Lastly, I wouldn't be in a rush to buy today. I would take your time and make sure I found exactly what I wanted. In the past year housing prices have dropped by about 20%. Additionally most people when they buy a home are pretty leveraged (they come in with a small downpayment). If you bought last year with 20% down and your home did as well the average home in the area, you would have lost your down entire down payment. A twenty percent drop on a 150k home is 30K. As a result, right now renting is still probably much cheaper than buying because housing prices are dropping so quickly.
HousingTracker.net: Median Home Asking Price & Inventory Data for Sacramento, California
Housing prices are still falling today. The largest local employer in the area is the government and they are furloughing people and talking about layoffs because there budget is totally out of whack. The local unemployment rate has gone up by almost 3% in the past year.

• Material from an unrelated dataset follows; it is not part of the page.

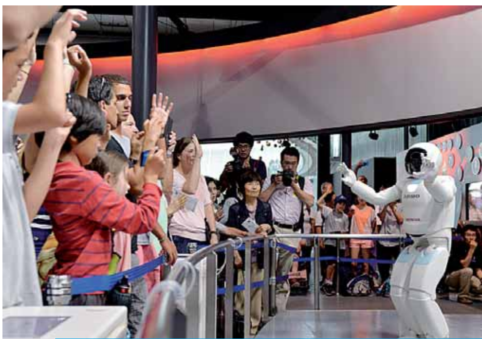
TOKYO: Honda Motor's humanoid robot Asimo interacts with visitors at the National Museum of Emerging Science and Innovation in Tokyo.

The company is expected to focus on humanoid robots that can help care for elderly and disabled people, NHK said, citing unnamed company sources. Though never sold commercially, ASIMO attracted international attention, playing football with Obama in 2014, dancing for Merkel in 2015, and taking a selfie with Australian Prime Minister Malcolm Turnbull the same year. There have been no upgrades to the model since its seventh generation, which debuted in 2011 and can listen to and understand three people talking simultaneously.

http://www.calmis.ca.gov/file/lfmonth/sacr$pds.pdf
If you can find a home you can afford and you really like it, I think you probably should go ahead and buy it, especially if you are planning on staying in the area for the next 7 years or longer.
But if you can't find a home you like, I would be in no hurry to rush into buying, just to stop renting. When prices are falling and the local economy is doing really badly, generally housing prices tend to keep falling, not abruptly turn around.
You have plenty of time to find a home. Don't rush this decision. Find something you really like, then and only then should you buy.